How to create a visualization showing events on time series data in Excel?

How to create a visualization showing events on time series data in Excel?

What?s in this article: A step-by-step guide I have laid out, for creating a time-series chart with events markers that change dynamically. While some of us use Python libraries, the vast majority of the world still uses Excel for good reasons, and hence the guide (or at least this first version) is for Excel. At the end of this tutorial, you will be able to produce something like this:

Image for post

Showing change over time is a very common data visualization need for many analysts and researchers. Usually this is done by showing a line graph with X-axis representing time and Y-axis for the quantity of interest. Sometimes, we need to show particular events in addition to the time-series data, in order to highlight certain points. There are many ways to do this in Excel:

  1. The simplest but least flexible method is to just draw some lines and text boxes onto the line graph (not recommended).
  2. Another method is to use Y-error bars for some data points, which is a decent method but gets cumbersome as soon as your start making changes to data.
  3. The method shown here relies on creating two series on different axes ? one for actual quantity of interest and another for event markers. Once done, minimal changes are required for updates.

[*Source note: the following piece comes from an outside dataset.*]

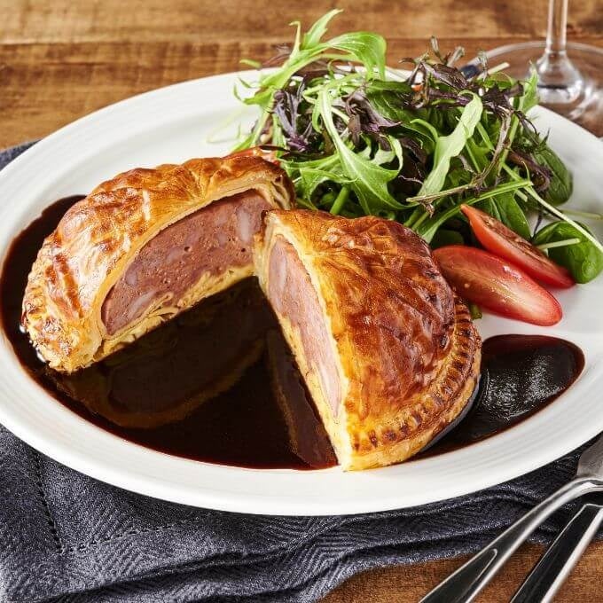 オーナーシェフ神谷英生氏が手掛ける、熟成肉とジビエ料理が評判の本格的なフレンチレストラン<ラ・ブーシェリーデュ・ブッパ>。みっちりと身が詰まった豚肉のパテから旨みがあふれる、ボリュームたっぷりのパイ包み焼きを焼き立てで赤ワインソースを添えてご提供いたします。

The completed version of this tutorial in Excel format is available here if you wish to practice on your own. So let?s get started.

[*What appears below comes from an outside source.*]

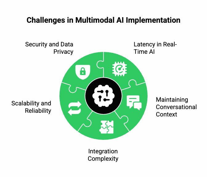 Despite the advantages, implementing multimodal AI agents comes with several technical challenges:

Step 1: Get the data into shape

For this example, I used publicly available health insurance coverage data of California (available here) and identified some key events from the timeline given here. While I had to use some quick pivot table tricks to get the data into the required shape, those steps depend on your data source and are not discussed. Basically the data should have the following columns:

  • Time series data for X-axis: In the figure below, this is the Year column but can be any time-scale (Yes there are two year columns, I will explain shortly).
  • Data for quantity of interest: Here, this is the Coverage column, representing percent of population that has health insurance in the corresponding year.
  • Events: This column contains names of event to be shown, against a specific year (Event column in figure below).
  • Event marker length: This column contains the length of the event marker bar/line (Event_line column in figure below). In this example, I am setting this column equal to the Y-axis data point for the same event, and only for the data points where there is an event. But once you understand this, you can try many interesting variations. Important: where there is no event to be shown, both Event and Event_line are blank.

Image for post

Why are there two Year columns? Because I wanted to explain a fairly common issue with how Excel treats dates and numbers differently. The first Year column (Column B) in the example above is simple a list of numbers I pasted from the source data. Excel does not recognize it as a date. The second column (Column C) is the actual Year column being used for the graph; it contains a formatted date that Excel recognizes on a date-time scale. To get the second column values from the first column, we need a simple formula. E.g. the formula in cell C2 is: = DATE (B2, 1, 1) which basically takes the number 1995 in cell B2 and converts into the date Jan 1st, 1995. The cell C2 is then formatted using a custom date format of Excel (yyyy) to show only the year part (see below).

Image for post

The date formatting steps are dependent on the scale you are using, but you can adapt the same method depending on whether you are using a month, day, or even hour, minute or second scale.

Why do this instead of using the numbers for X-axis? We could skip this, but then it will not work whenever the date/time sequence is uneven. With date-time recognized in Excel, it can deal with missing dates nicely.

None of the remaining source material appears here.